Our #OnePerson for July 2025 is Amara Nwuneli
Amara Nwuneli is a young Nigerian environmental activist, storyteller, and changemaker who is passionate about restoring green spaces and promoting community-led climate action. At just 17, she founded Preserve Our Roots, a youth-led NGO and social advocacy movement focused on environmental restoration, education, and policy influence.
Through Preserve Our Roots, Amara has mobilised young people across Nigeria to take climate action through workshops, clean-ups, documentaries, and hands-on community projects. Whether it’s leading beach clean-ups, tree-planting drives, or youth activism boot camps, her goal is to make climate action practical, accessible, and part of everyday culture and policy.
In 2025, Amara won the Africa regional prize of The Earth Prize, a global environmental sustainability competition for teenagers. Her project turned a waste dump in Ikota, Lagos into a community playground built from recycled tyres, metal scraps, and reclaimed wood. The playground is now a lively space where children can play and learn. She also planted over 300 flood-resistant trees and led environmental workshops for the local community.
Her vision is to expand this model across Lagos and eventually build a Central Park dedicated to recreation, learning, and environmental awareness.

Amara’s work also spans storytelling and the arts.
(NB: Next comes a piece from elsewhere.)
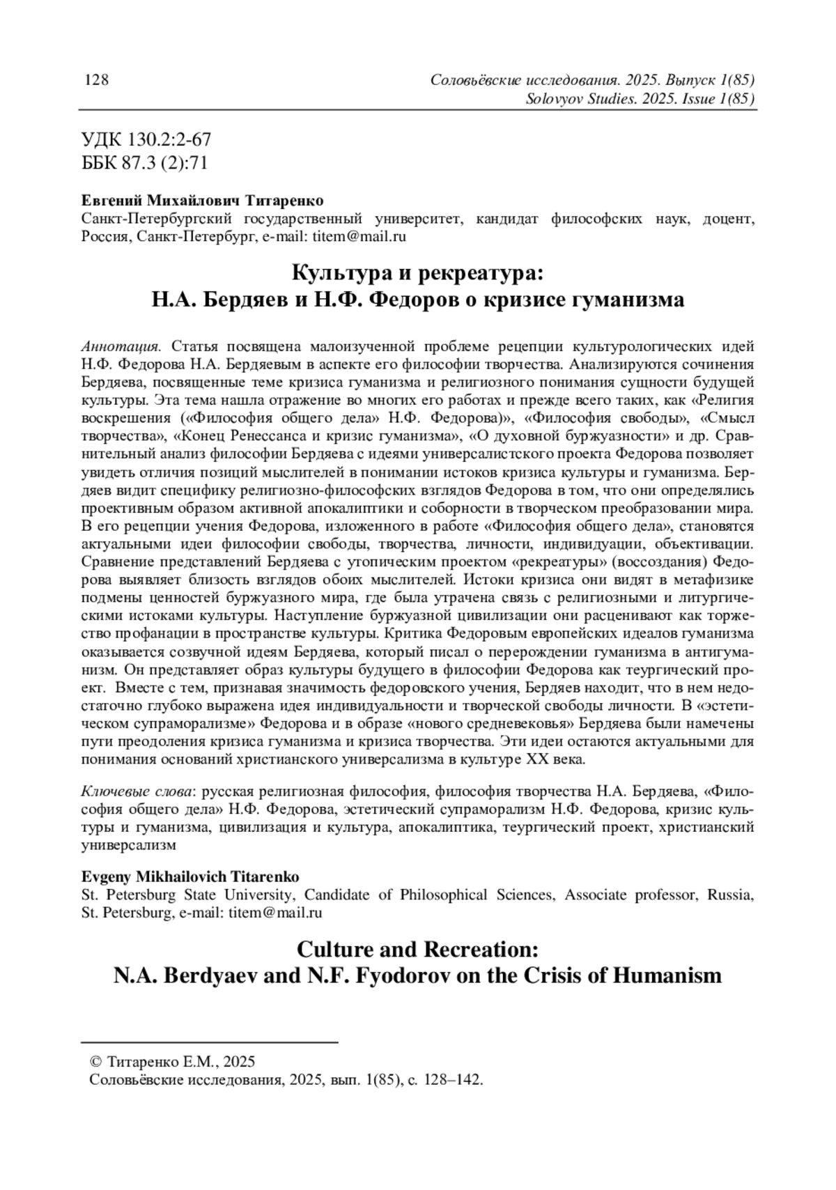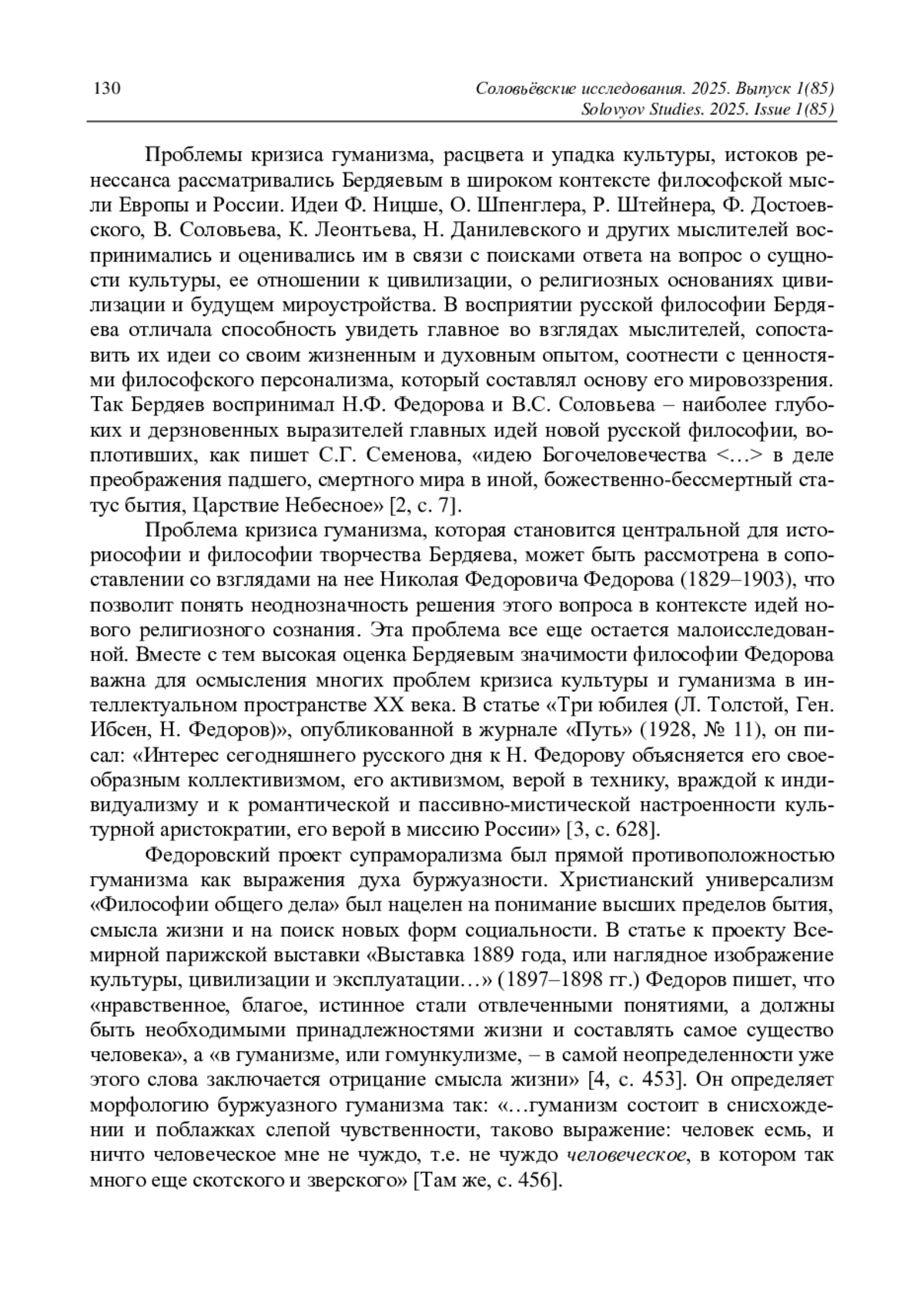 Статья посвящена малоизученной проблеме рецепции культурологических идей Н. Ф. Федорова Н. А. Бердяевым в аспекте его философии творчества. Анализируются сочинения Бердяева, посвященные теме кризиса гуманизма и религиозного понимания сущности будущей культуры. Эта тема нашла отражение во многих его работах и прежде всего таких, как «Религия воскрешения («Философия общего дела» Н. Ф. Федорова)», «Философия свободы», «Смысл творчества», «Конец Ренессанса и кризис гуманизма», «О духовной буржуазности» и др. Сравнительный анализ философии Бердяева с идеями универсалистского проекта Федорова позволяет увидеть отличия позиций мыслителей в понимании истоков кризиса культуры и гуманизма. Бердяев видит специфику религиозно-философских взглядов Федорова в том, что они определялись проективным образом активной апокалиптики и соборности в творческом преобразовании мира. В его рецепции учения Федорова, изложенного в работе «Философия общего дела», становятся актуальными идеи философии свободы, творчества, личности, индивидуации, объективации. Сравнение представлений Бердяева с утопическим проектом «рекреатуры» (воссоздания) Федорова выявляет близость взглядов обоих мыслителей. Истоки кризиса они видят в метафизике подмены ценностей буржуазного мира, где была утрачена связь с религиозными и литургическими истоками культуры. Наступление буржуазной цивилизации они расценивают как торжество профанации в пространстве культуры. Критика Федоровым европейских идеалов гуманизма оказывается созвучной идеям Бердяева, который писал о перерождении гуманизма в антигуманизм. Он представляет образ культуры будущего в философии Федорова как теургический проект. Вместе с тем, признавая значимость федоровского учения, Бердяев находит, что в нем недостаточно глубоко выражена идея индивидуальности и творческой свободы личности. В «эстетическом супраморализме» Федорова и в образе «нового средневековья» Бердяева были намечены пути преодоления кризиса гуманизма и кризиса творчества. Эти идеи остаются актуальными для понимания оснований христианского универсализма в культуре XX века.

She wrote the book For We Are Curious, published in December 2022. She directed documentaries including Behind Your Screens, featured in an international youth ocean awareness contest in 2024, and her award-winning documentary The Heat of Change, which premiered in December 2023 and was named first runner-up in the Best Documentary category at the Xposure International Film Awards.
She has featured in the Netflix film Coming From Insanity, crafted policy proposals on climate-resilient infrastructure with her Senate group, and interned across law, media, and publishing firms. She also mentors underprivileged youth, fundraises for displaced communities, and hosts leadership camps.
Her work brings together creativity, advocacy, culture, history, and policy rooted in lived experience.
Amara’s story shows that leadership is not about age. It is about courage, creativity, and action. She has turned waste into opportunity and is inspiring a movement built on hope, learning, and transformation.
Let us celebrate Amara Nwuneli as proof that one person can make a difference and inspire others to do the same.